• Anti-ag doesn’t really make sense • Return of phone good news to share • Spending increase shows why county needs new leadership
Anti-ag doesn’t really make sense
You hear a lot lately about folks who are “anti-ag.” I wonder who is really saying that and who believes it. Who in their right mind would truly be anti-ag? No food is devoid of any agricultural ingredient unless it is wild caught or gathered. I don’t know any Kauai livestock ranchers who believe people dislike what they are doing. We all support Kauai Coffee. The Haraguchi taro patches in Hanalei are a thing of beauty. Organic farmers are heroic. I don’t know any farmers at the market who believe people think they should get a different job. Saying that a group of people are anti-ag is kind of like calling them anti-mom; so maybe herein lies the clue. Maybe this is a cleverly thought out tactic to turn public opinion against a certain segment of our population.
Ever since the agrochemical industry has come under scrutiny, it has chosen to duck and weave rather than go eye to eye with their host community. Cooperate with disclosure and buffer zone regulations and ante up a few more tax dollars? No, easier to cozy up to the Farm Bureau so they can say, “we’re just a bunch of good ol’ farmers doing good ol’ farming just like your grandpappies did.”
Take off the protective gear, put on some jeans, boots, and a brimmed hat. Hang out at the new headquarters they paid for and pretty soon the real ranchers and farmers are their buddies and feeling pity for their plight. Sit on the tailgate, knock down a few cold ones and curse all those anti-ag activists while their bosses in the far away corporate offices hoot and applaud the show.
Return of phone good news to share
Six months ago, my son lost his cell phone. Shortly afterwards I received a phone call asking me if I knew the person that had this phone number.
I replied, “Yes, that’s my son’s cell phone number.” The young man stated that he’d found my son’s cell phone at Salt Pond pavilion.

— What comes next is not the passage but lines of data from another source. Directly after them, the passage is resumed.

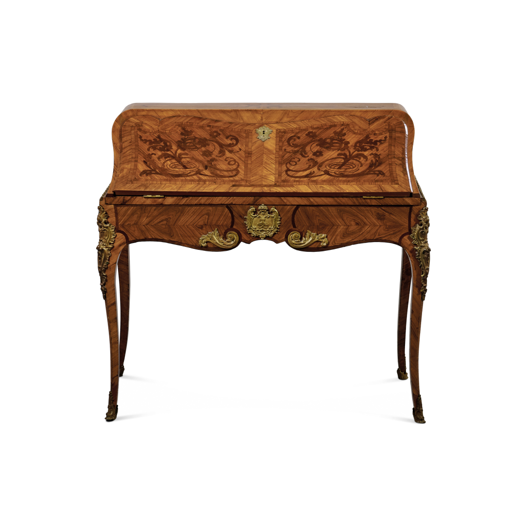 Veneered in rosewood and kingwood with ribbon and floral inlays, with gilt-bronze applications, shaped, with pidgeon holes, four small drawers and a sliding secret inside the drawer.
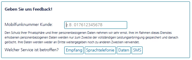 klickst. Anschließend gib deine Telefonnummer ein und wähle die entsprechenden Services aus, die Einschränkungen aufweisen
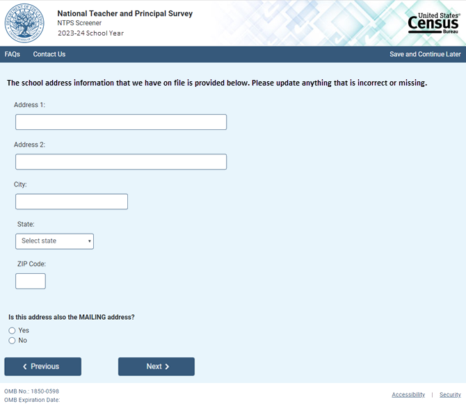 NOTE: Address fields are pre-filled with the sampled school’s information; however, only the address fields (not school name) can be edited on this page.

“Pauly” was in Wailua and I was able to meet him and retrieve my son’s cell phone.
Pauly Udarbe (from Hanapepe), is a most honest, respectful (he always called me “Aunty”), upstanding and humble young man. For over six months, he made an effort to connect with me to return an electronic device.
Pauly helps to restore my faith in humanity, especially in these days and times! When I told him that, his reply: “It’s not right to keep someone’s stuff.”
“To try to find whose belongings and return it” was Pauly’s response to my thankfulness.
I want to Mahalo Pauly through our newspaper, TGI – since this news is “good news,” to share da story of a beautiful phenomenon; particularly in these times.
Bonnie P. Bator
Spending increase shows why county needs new leadership
As mayor, Bernard Carvalho’s budget for the county of Kauai spiraled out of control, increasing the size of government. Carvalho made no attempt to cut costs. To pay for the spending spree, the county increased property taxes and vehicle taxes.
Anyone can spend, spend and spend and then raise taxes to pay for the excessive spending.
Four more years of Bernard Carvalho as mayor and your property taxes and vehicle taxes will likely increase again.
Do what Peter Finch did in “Network.” Stick your head out the window and shout, “I’m mad as hell and I won’t take it anymore.”
For mayor of Kauai, vote for Dustin Barca.